* [Work to be completed]: Return the following from the records below: each line, word for word, starting with the line that contains "Next up, the" and going on through the line that contains "雅安交建集團(tuán)項目", with nothing outside that range.

* [Dataset entries]:
- Opening Delimiter -
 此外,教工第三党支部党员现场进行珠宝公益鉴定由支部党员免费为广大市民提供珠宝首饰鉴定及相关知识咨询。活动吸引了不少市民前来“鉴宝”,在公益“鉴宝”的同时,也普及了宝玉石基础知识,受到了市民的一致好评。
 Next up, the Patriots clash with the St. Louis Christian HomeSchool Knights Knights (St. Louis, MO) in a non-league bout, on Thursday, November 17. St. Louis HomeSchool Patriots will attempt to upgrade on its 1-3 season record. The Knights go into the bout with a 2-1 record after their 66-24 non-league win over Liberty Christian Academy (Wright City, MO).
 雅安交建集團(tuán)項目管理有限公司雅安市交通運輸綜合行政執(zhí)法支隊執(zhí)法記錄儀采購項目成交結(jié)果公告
- Closing Delimiter -
- Opening Delimiter -
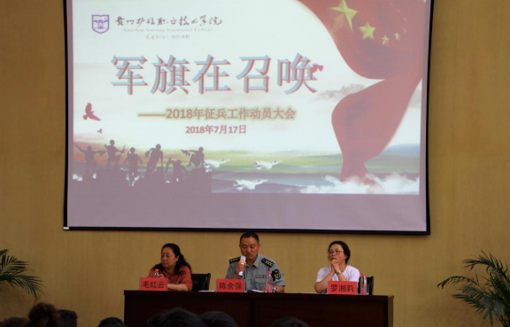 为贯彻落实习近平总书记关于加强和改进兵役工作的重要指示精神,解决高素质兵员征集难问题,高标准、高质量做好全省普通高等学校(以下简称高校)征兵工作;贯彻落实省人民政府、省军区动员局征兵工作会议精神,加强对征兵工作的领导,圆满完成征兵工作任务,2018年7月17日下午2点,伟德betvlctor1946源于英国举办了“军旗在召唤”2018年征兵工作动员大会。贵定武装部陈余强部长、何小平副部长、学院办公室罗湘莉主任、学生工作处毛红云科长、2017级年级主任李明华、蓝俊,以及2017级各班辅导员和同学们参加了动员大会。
- Closing Delimiter -
* [Solution to this task]:
 Next up, the Patriots clash with the St. Louis Christian HomeSchool Knights Knights (St. Louis, MO) in a non-league bout, on Thursday, November 17. St. Louis HomeSchool Patriots will attempt to upgrade on its 1-3 season record. The Knights go into the bout with a 2-1 record after their 66-24 non-league win over Liberty Christian Academy (Wright City, MO).
 雅安交建集團(tuán)項目管理有限公司雅安市交通運輸綜合行政執(zhí)法支隊執(zhí)法記錄儀采購項目成交結(jié)果公告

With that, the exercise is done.